Here is what I found for the first few odd values of $N$ (remember, the answer is just $4$ when $N$ is even!):

Most of the cases solve in a matter of seconds. The slowest case was $23\times 23$ ($4323$ binary variables, $529$ constraints) and it took about $45$ seconds. As observed before, the solution is $6$ whenever $N$ is a multiple of $3$, and the solutions get more intricate when $N$ is prime. Of course, we don’t need to restrict ourselves to square boards! Here are some examples of optimal non-square tilings:

Some observations:

- Using even numbers doesn’t necessarily lead to simple solutions when the canvas isn’t square!
- Using sidelengths that are consecutive Fibonacci numbers (e.g. the 8×13 case above) leads to the famous approximation of the Golden spiral. Perhaps not surprising, but still very cool!

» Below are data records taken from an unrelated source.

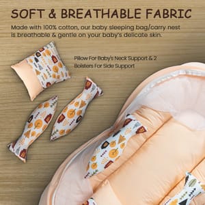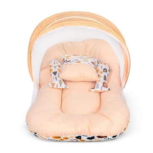 BNB4013_ORSERVE MULTIPLE PURPOSES - New born baby nest, baby lounger is perfect travel portable bedding mattress. Newborn lounger is perfect for co-sleeping. Baby nest co sleeper to serve multiple purposes such as rest spot, tummy time and travel mat, it's easy to carry around the house. Nest bedding set is a portable and travel bed, a play mat and even a co sleeper. This newborn lounger mattress with head pillow, 2 Bolster and mosquito net is designed to prevents the baby from rolling out of the bed, creates a safe space for baby to sleep in bed with parents. Your baby will surely longer and comfortable sleep in this soft baby lounger pillow. This is also perfect for co-sleeping as it provides a safe space for the baby on the parents bed. The newborn sleeping bed is made of super soft pearl cotton & Fiberfill as the filling's material, no harmful substances will cause any harm to the baby, better protection for baby's spine. Using thicker fabric, so there will be no problems such as deformation and fading after machine washing. Soft cotton printed baby mattress with mosquito net and pillow is perfect for 0-12 months babies with attached mosquito net allows fresh air to breeze in, while blocks out insects and mosquitoes and dust. The mosquito net bed make sure your infant gets a good nights sleep without the danger of insect bites. This bedding set is ideal for keeping your baby well rested and comfortable day in and night out. This set can be a great gifting option for a friend expecting mother or a baby boys & baby girls or as a baby shower gift, or for someone who already has a baby boy and baby girl. It includes Carry bedding set required for comfortably sleeping for your newborn baby.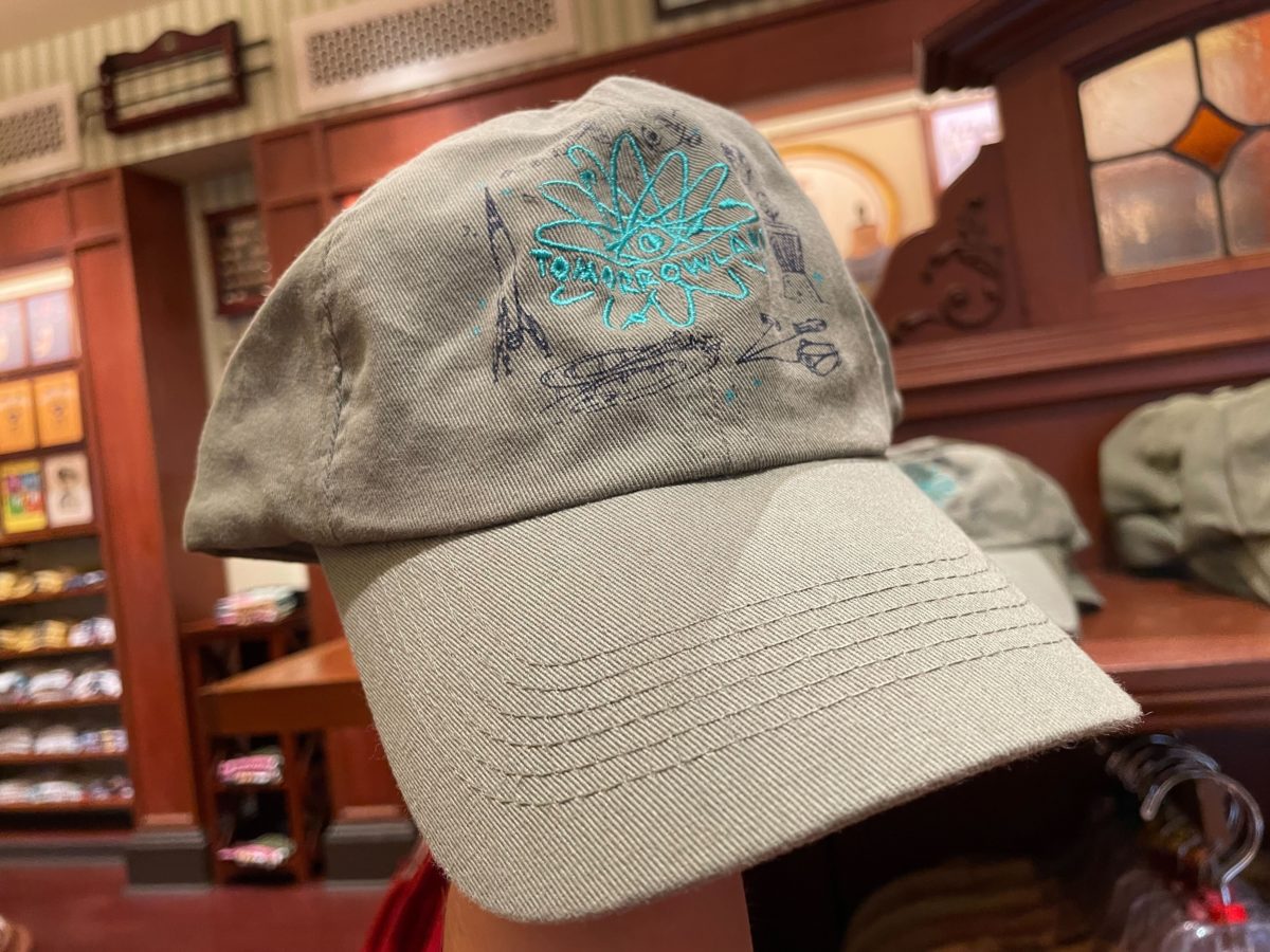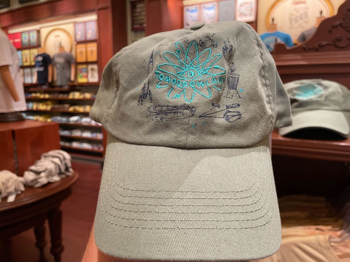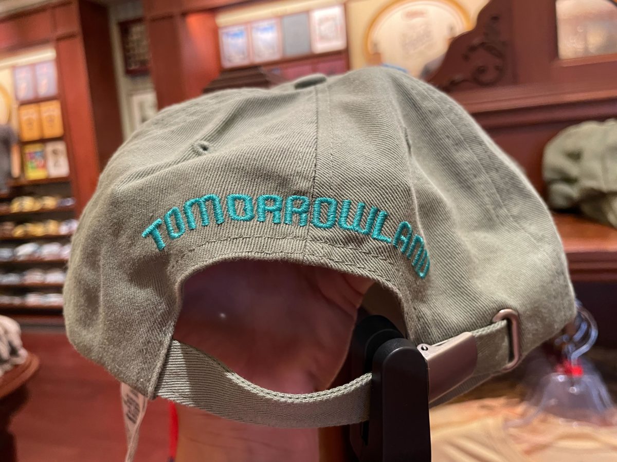 This army green cap has a blue atom embroidered on the front with “Tomorrowland” across it.
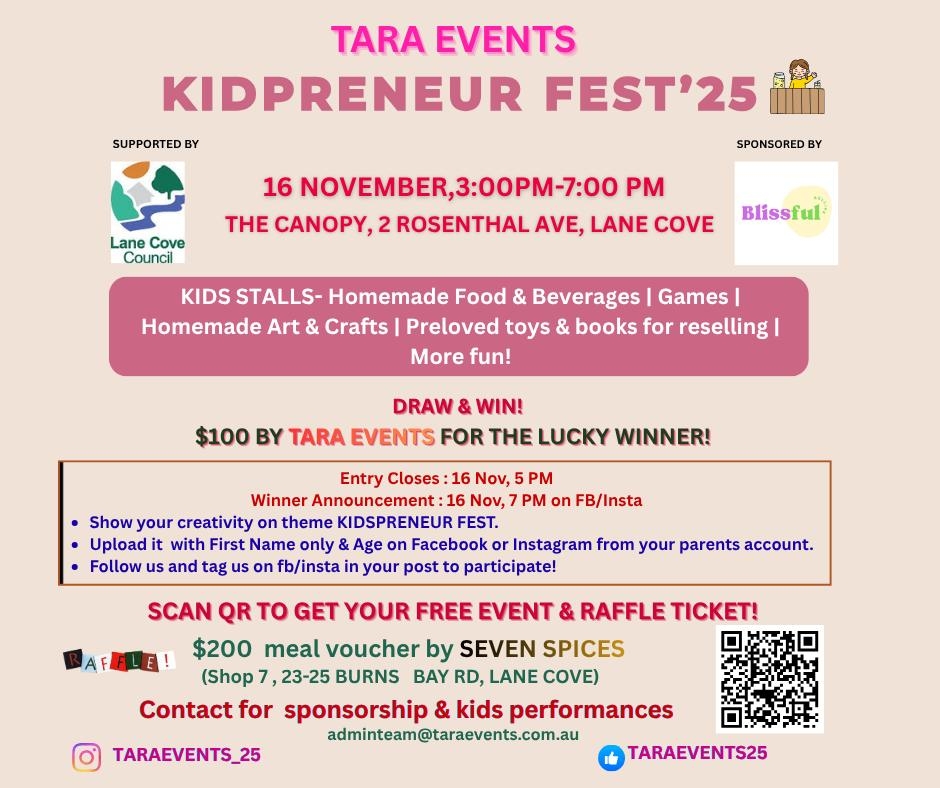 To support and harness that creativity, innovation and community spirit Tara Events is hosting the first annual Kidpreneur Fest on Sunday, 16 November from 3 pm to 7 pm in the Lane cove Canopy in collaboration with Lane Cove Council.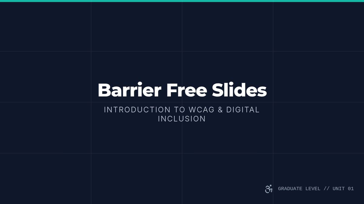 A comprehensive graduate-level sequence on web accessibility, covering WCAG standards, legal compliance, technical implementation of ARIA, and professional auditing techniques.

If you’d like to read more about the “squaring the square” problem and its long history, check out the Wiki article on it!

Very cool! Nice job

Wow! Humbling: I thought this was an easy problem with 12 good for the 13×13 grid.

What does tl;dr mean?

“too long; didn’t read”. For folks that want the answer right away without all the reading. 🙂

Too long; didn’t read.

You should consider marketing your solutions as a literal tile pattern for kitchens and bathrooms…some are quite pretty. Would be a niche clientele: nerds who are remodeling their houses.

Conjecture:

Let p be the smallest prime number dividing n. For any number k let M(k) be the smallest number of squares > 1 that tile a k x k square, then M(n) = M(p).

Proof that M(n) <= M(p).

Consider a tiling of a p x p square with M(p) squares Multiply the length of each line segment by n/p. The result is a tiling of an n x n square by M(p) squares.

Can anyone provide a proof that M(p) <= M(n) or exhibit a counterexample?